Posthuman Studios
- Company type: Public company
- Industry: role-playing games
- Headquarters: United States of America
- Products: Eclipse Phase

= Posthuman Studios =

Game design collective

Posthuman Studios is an American game company that produces role-playing games and game supplements, primarily for the transhumanist role-playing game Eclipse Phase.

==History==
Posthuman Studios was founded by Brian Cross, Rob Boyle and graphic designer Adam Jury. Cross and Boyle had met while exploring the goth subculture and subsequently created material for the dystopian near-future role-playing game Shadowrun, first at FASA, then at FanPro. Cross, Boyle and Jury decided to start up their own company to gain creative control over their own projects.
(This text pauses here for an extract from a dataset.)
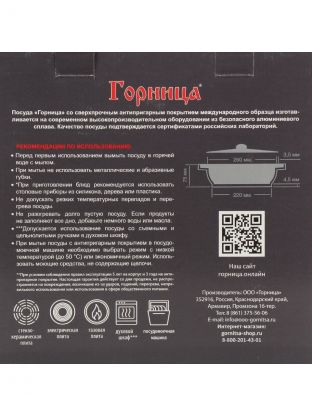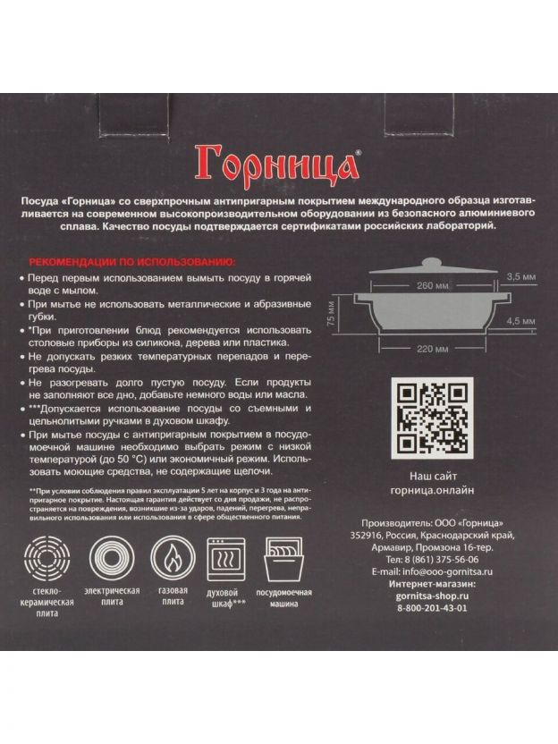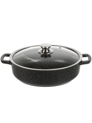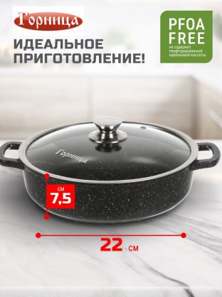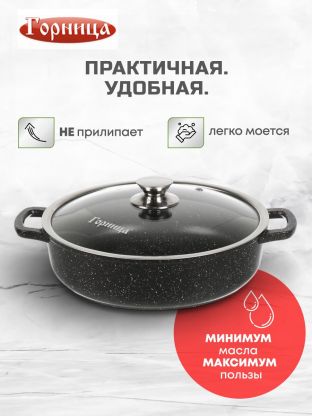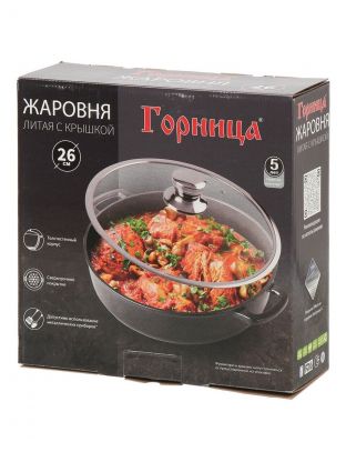 В отличие от обычных алюминиевых или стальных жаровен, модель «Горница Гранит» не требует большого количества масла, а пища не пристает даже при минимальном нагреве. Как выбрать жаровню для дачи или дома? Обратите внимание на универсальность: эта посуда подходит для газовых, электрических и стеклокерамических плит, а также для духовки. Крышка в комплекте сохраняет сочность блюд, а отсутствие съемной ручки делает жаровню более надежной и долговечной.

As Boyle noted, this allowed them to "work together collectively, and push ahead with new models of publishing."

Posthuman's first project was Eclipse Phase, "a game of post-apocalyptic transhumanist conspiracy and horror." This was published by Catalyst Game Labs in 2009 as their fourth role-playing game line.

As noted by the Italian games magazine Game, "Eclipse Phase presents itself as an intriguing and interesting game, especially thanks to the breath of fresh air it manages to bring."

Other critical reception was also good, and at the 2009 Origins Awards, the game was awarded "Best Roleplaying Game". The following year, the game was a finalist for "Best Free RPG" at the 2010 Golden Geek Awards.

All the company's subsequent publications have been supplements and adventures for either the first or second edition of Eclipse Phase.